Learning to see love
We’re dealing with of lot of people who’ve been hurt through judgment and lack of love and nurture. In many homes, these kids weren’t told “I love you” by their parents, they weren’t hugged and kissed. A lot of this is residual trauma from the Holocaust — so many families never recovered.
We do the opposite. We shower them with love and unconditional acceptance. They can start to heal and see positivity in Yiddishkeit. It changes their perception of Hashem.
When we set them up for Shabbos (in non-pandemic times), for the first time in their lives they can see happy marriages and healthy parent-child relationships. They’re enveloped in love and warmth. They’re not judged, there are zero expectations. This remakes their perception of themselves and Judaism. They can rebuild from scratch.
One of our members was once riding the subway when she started feeling very dizzy. She remembered that she’d recently hit her head and she called her host family — she couldn’t call her own parents, they weren’t available enough to her. Her host mother, who was a doctor, told her that she might have a concussion.
“Go straight to the hospital,” she said. “My husband will meet you there.” They took care of her. She was showered with so much love, care, and acceptance that it transformed her as a human being and as a Jew. Love had been missing from her life. Now that she’s seen it in human form, she said, she can feel Hashem’s love and care for her wherever she goes.
When my youngest son was seven, I once asked him if he knows what I do. “Sure,” he said. “Project Makom shows people who think Hashem is mean and angry that Hashem loves them.”
My week is so heavy, with so many intense stories, I’m reading a spy thriller about terrorism in Israel. It’s great escapism.
Naaseh v’nishma. Everything we did was totally on an experimental basis — let’s try it first and see what works. And we’ve had so much siyata d’Shmaya working this way.
Learning from afar
There are a lot of disenfranchised frum Jews learning from afar, some of whom never contact us. I heard a story about a guy from a very insular chassidish community who found JITC and discovered that you can live a frum life and be integrated with the outside world. He went to YU. I was at the YU graduation and saw his family there, beaming. I was struck by what I’d seen — a family of Satmar chassidim proudly attending the YU graduation of their relative? — and mentioned it to someone. He told me, “What, you don’t know how he got here? He was miserable, went online, and found Jew in the City.” He never had to reach out to us because his family supported him.

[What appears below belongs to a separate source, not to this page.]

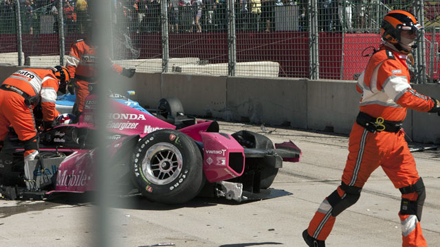 The accident occurred when Franchitti ran into the back of Takuma Sato’s car and launched over it and into the fence. Sato appeared to have a problem with his car and was limping toward the finish when Franchitti came up quickly behind him in Turn 5.

Torah is for healthy people
Some people had problems more serious than we could handle, so we established an intake screening process to make sure people have a baseline stability. This is a principle I learned from Rabbi Shaya Karlinksy. When I was in Midreshet Rachel, I asked him, “The Torah says you need to love your neighbor as much as yourself. Well, what if you don’t love yourself?”
I thought I’d outsmarted him, but he immediately said, “Stop. The Torah is meant for healthy people.” If someone doesn’t have basic stability, or is spiraling out of control, we automatically send them to social services. You won’t be able to figure out if G-d exists if you don’t know if dinner exists.